# Letting 8 yr old indoor cat out for the first time



## Nick76 (May 19, 2012)

Hi there

Charlie is 8 and has been an indoor cat all his life as I've moved from rented flat to rented flat

Last summer I finally bought myself a place and chose one carefully so as to enable me to let him out eventually

We've been here a couple of months now and he's very settled, and I think over the coming month or so I'm going to let him out

Is he too old to become an outdoor cat? he's fascinated by the outdoors and sits at the back door watching the birds all day.

I chose a house that is bordered both sides by gardens, with a river at the bottom. A slow running, shallow river with a small picket fence at the end of my garden.

To the front is a quiet dead end road, the road I live in

He adores me and I don't worry that he won't want to come home, I'm just worried that he is too old to adjust to being an outdoor cat

I have infinite patience to slowly train him and walk him around in a harness if possible, I paid a fortune converting a window into a double set of french doors with a catflap just for him

Whenever he feels threatened in the house, he runs up to his little corner of my bedroom upstairs

Am I doing the right thing letting him out!


----------



## jenny armour (Feb 28, 2010)

my first question would be are you anywhere near any roads beit a quiet or busy road?
because he has always been an indoor cat, he would be have no idea what danger is, whether it is cars or any pedators that an experienced outdoor would haveenvisaged.
your house sounds idyllic but isnt there anyway that you can either have a pen built onto the back of the house or even enclose it.
if you were to let him out at his age and something did happen to him, you would be so devastated. please rethink


----------



## jenny armour (Feb 28, 2010)

my first question would be are you anywhere near any roads beit a quiet or busy road?
because he has always been an indoor cat, he would be have no idea what danger is, whether it is cars or any pedators that an experienced outdoor would have envisaged.
your house sounds idyllic but isnt there anyway that you can either have a pen built onto the back of the house or even enclose it.
if you were to let him out at his age and something did happen to him, you would be so devastated. please rethink


----------



## buffie (May 31, 2010)

I have to agree with Jenny,I would be very wary about allowing free access to a cat of that age who has not developed a natural "respect" for the dangers.If cat proofing the garden isnt an option I would either build a run or re think the whole "outdoor" idea.


----------



## rose (Apr 29, 2009)

I have lost two beautiful young cats on the road in the last two years
My new cat and the brother of one of the cats that died are now confined to the house and garden.
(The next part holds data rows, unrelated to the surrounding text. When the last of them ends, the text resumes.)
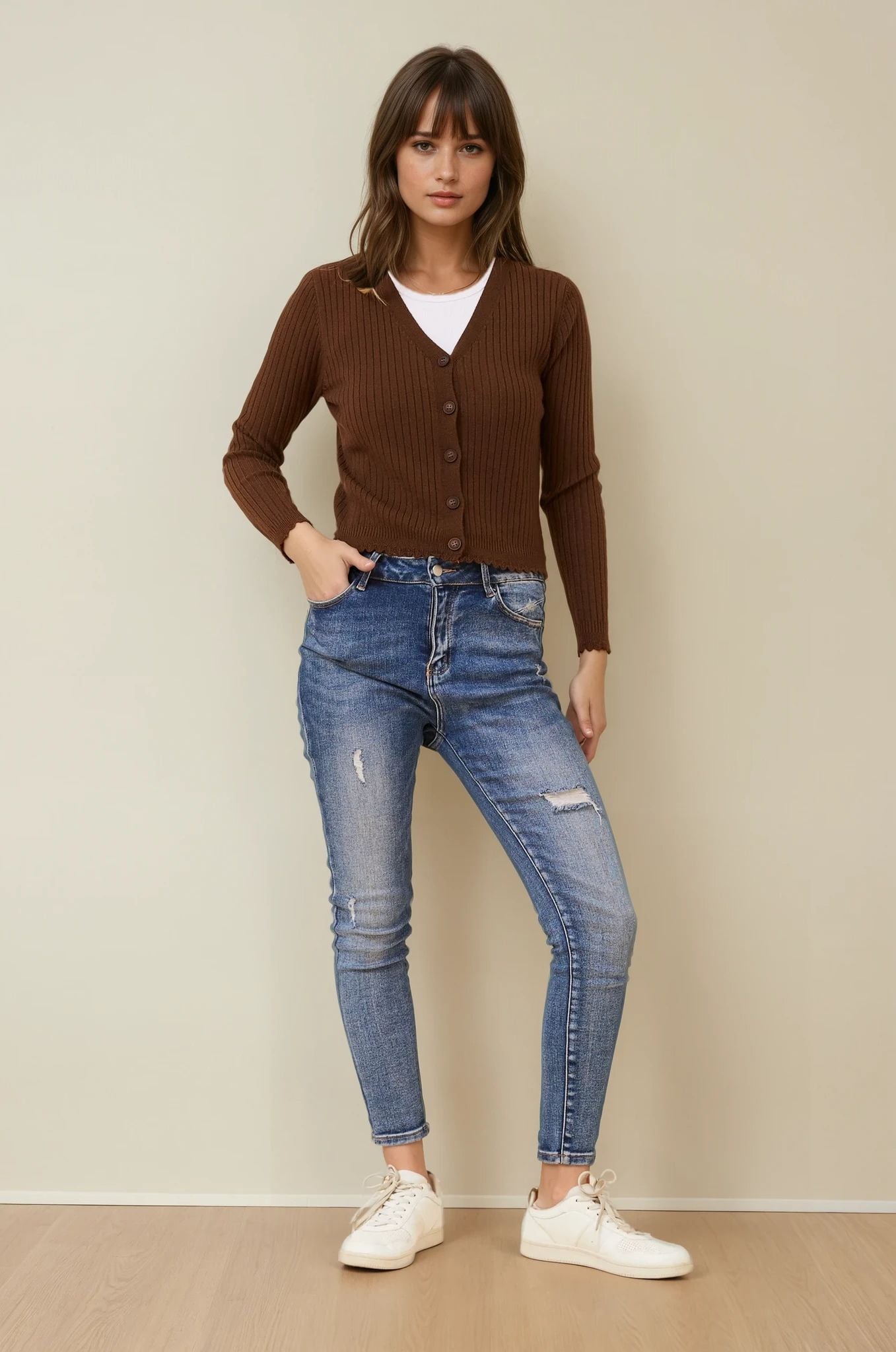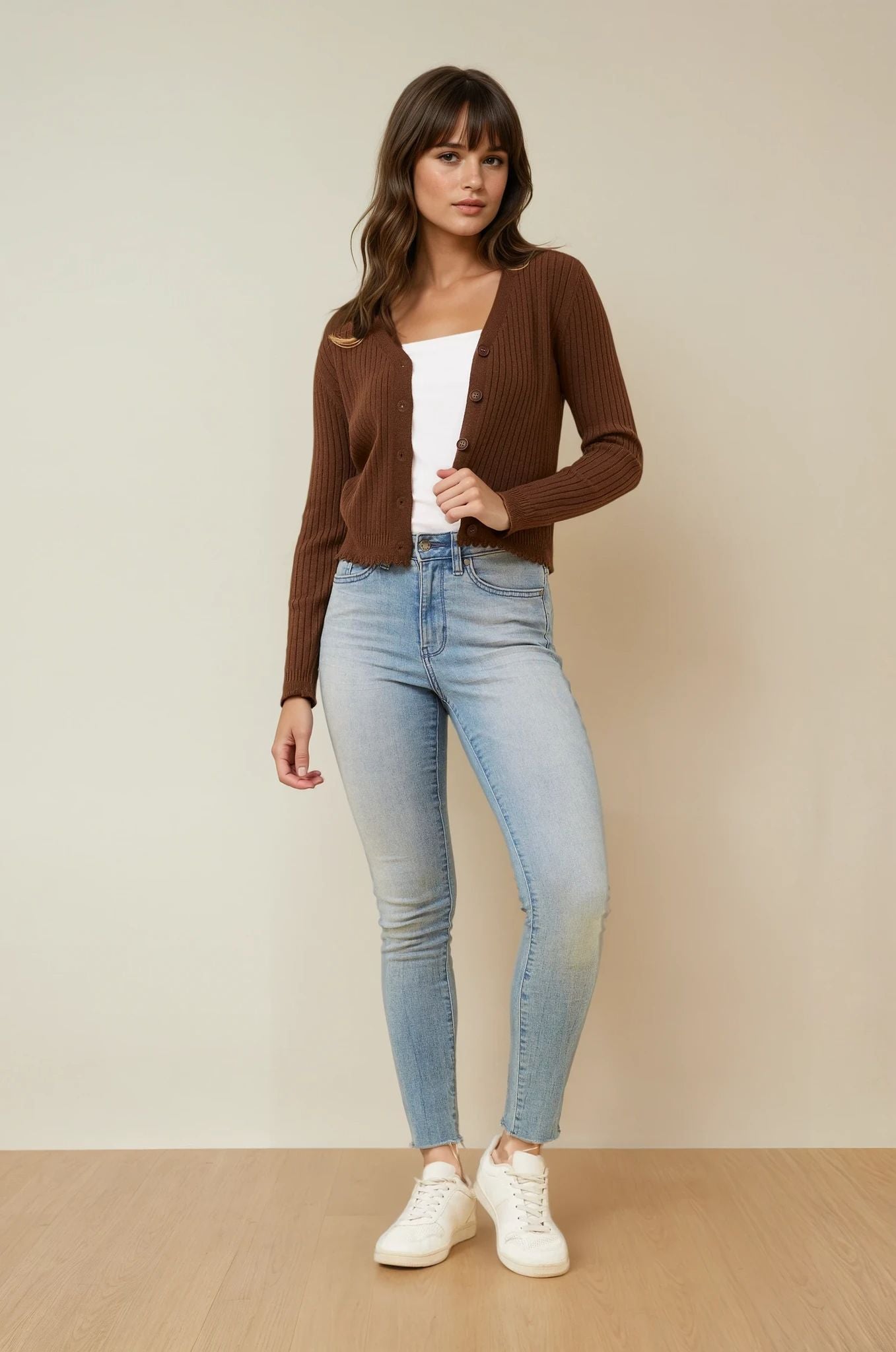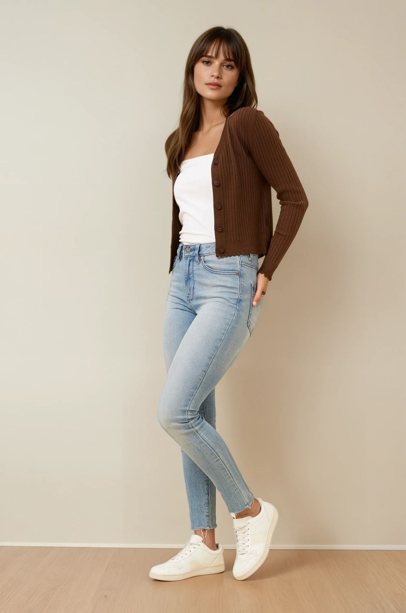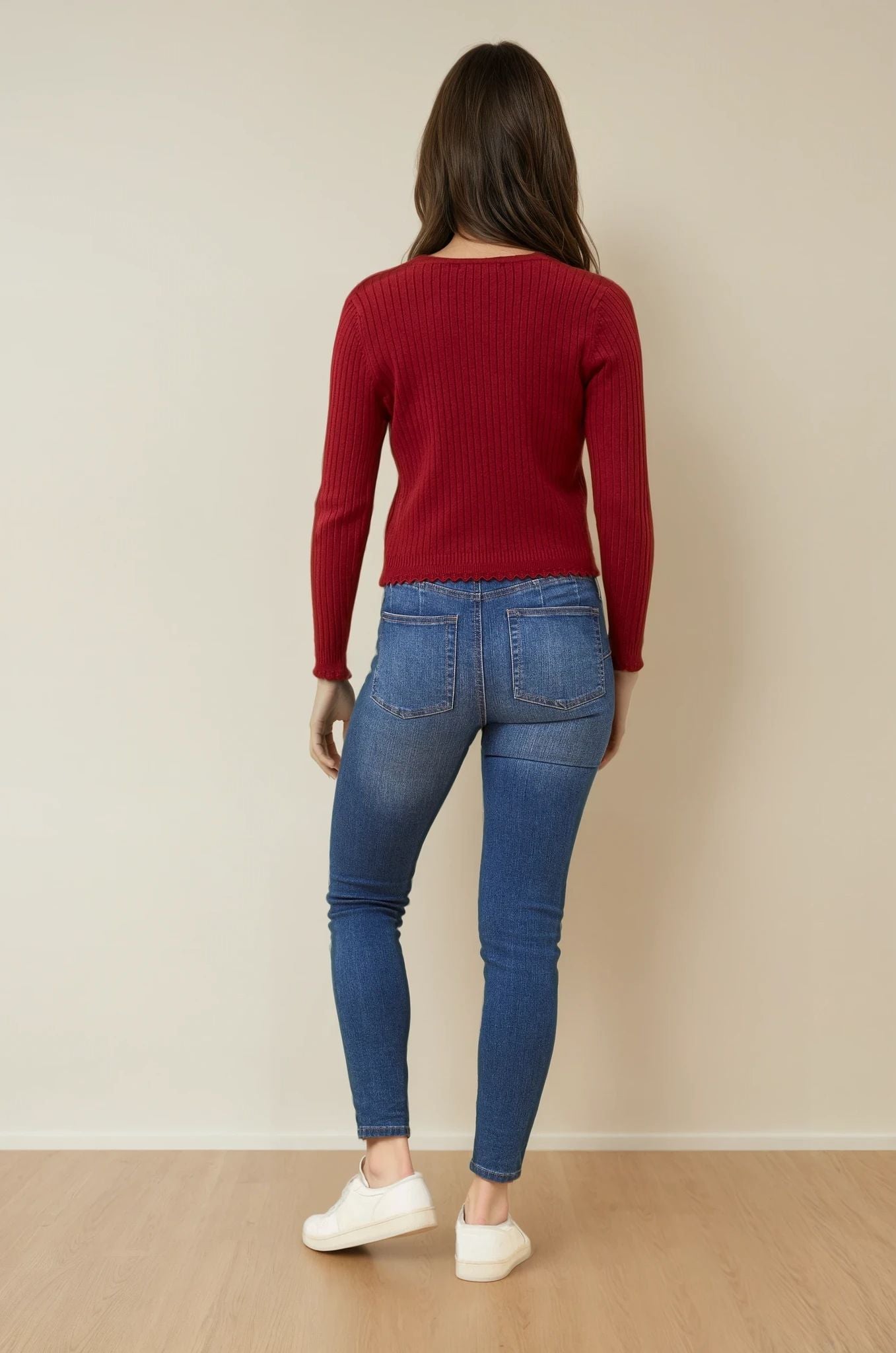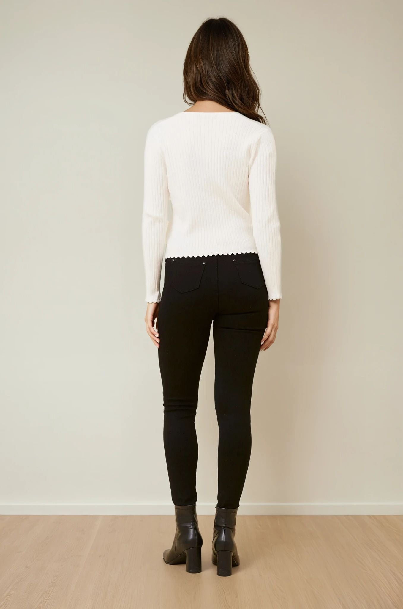 The Luxe Scallop Knit Cardigan is the perfect piece to pair with jeans, skirts, or dresses for a chic, everyday look that never goes out of style.
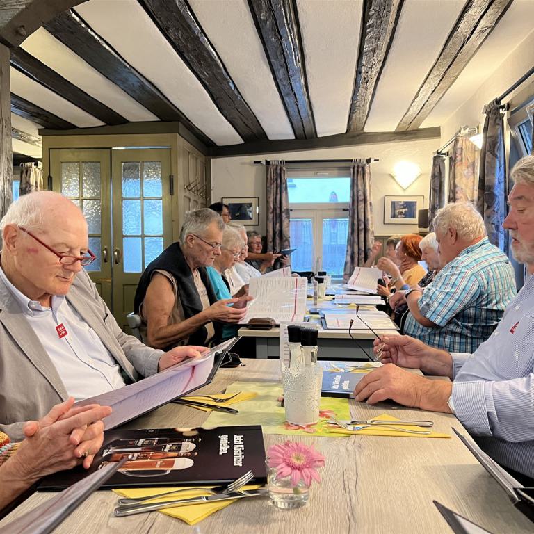 In der Marbacher Traditionsgaststätte „Ochsen“ lassen wir mit schwäbischer Küche und württembergischen Wein die Exkursion ausklingen.
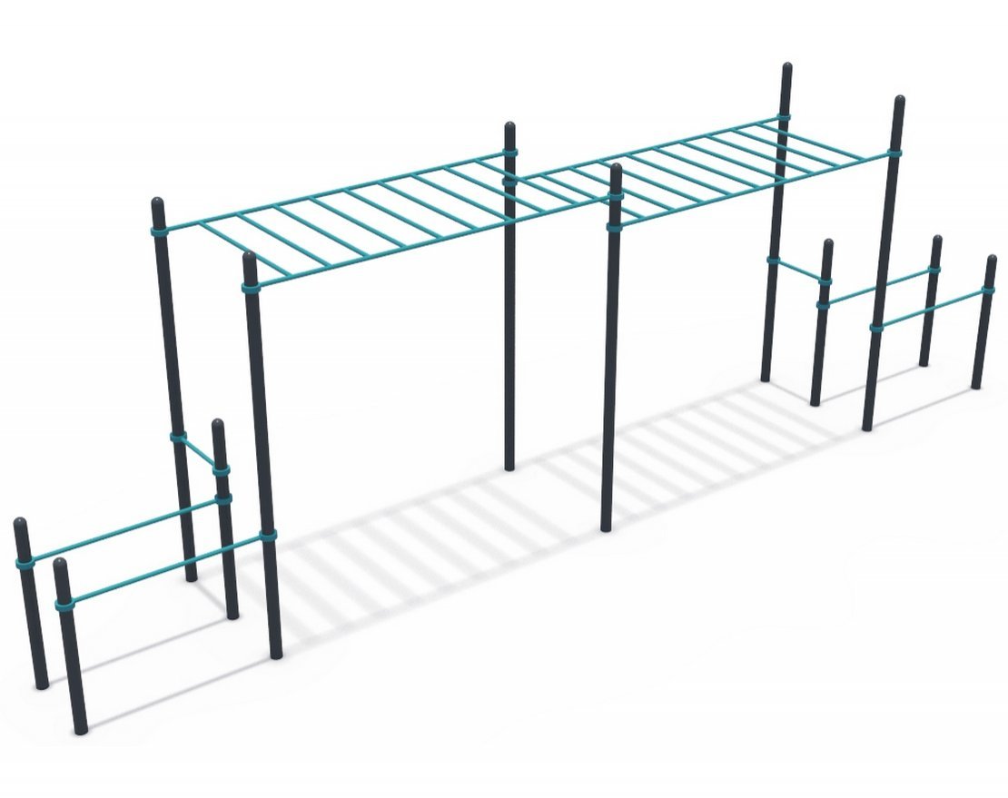 Спортивный комплекс выполнен в виде вертикальных опорных столбов, рукохода и турников.

The older one (Billy) who for 18 months was free to roam still tries to get out given a chance but I could never risk him going out again as much as I would love him to have his freedom. Could you not cat proof the garden? I think he will find it very difficult to have his freedom, not only the danger of the road but other cats who will all pick a fight with "the new kid". If he is not used to traffic he may panic and run into the road instead of away from it. Good luck with whatever you choose to do.


----------



## Nick76 (May 19, 2012)

jenny armour said:


> my first question would be are you anywhere near any roads beit a quiet or busy road?
> because he has always been an indoor cat, he would be have no idea what danger is, whether it is cars or any pedators that an experienced outdoor would haveenvisaged.
> your house sounds idyllic but isnt there anyway that you can either have a pen built onto the back of the house or even enclose it.
> if you were to let him out at his age and something did happen to him, you would be so devastated. please rethink


Hi there

My road is off two other roads before the first main road, so nothing busy within his reach

Beyond the river, well more of a stagnant over-grown stream, are fields and there were baby foxes in my garden the other morning

Other than that, the previous owner of the house lived here 8 years with a cat without issue, and the neighbours have been here forever with cats

I don't think there are many environmental problems, I just worry he is too old to learn to be an outdoor cat


----------



## buffie (May 31, 2010)

Nick76 said:


> Hi there
> 
> My road is off two other roads before the first main road, so nothing busy within his reach
> 
> ...


That would be my worry and as he has never been out,I would be reluctant to risk it,but it is a decision only you an make.Good luck with what ever you decide

Welcome to the forum BTW


----------



## Nick76 (May 19, 2012)

Thanks everyone, I'm really worried now

Not sure what to do

I can't see how I can keep him in though, he's only here once, and is desperate to go chasing birds and other cats

He has lived with another cat and a massive dog at one point when I stayed with the folks between my last home and here, so he's used to dashing off to somewhere he feels safe when threatened, by a dog anyway


----------



## Lel (Mar 21, 2012)

I think that if he has lived 8 years indoors then I would just let him outside when you can supervise. Note you said you aren't close to a main road but you'd be surprised how far they will wander, especially once they get the smell of something they like or spot an interesting thing to attack!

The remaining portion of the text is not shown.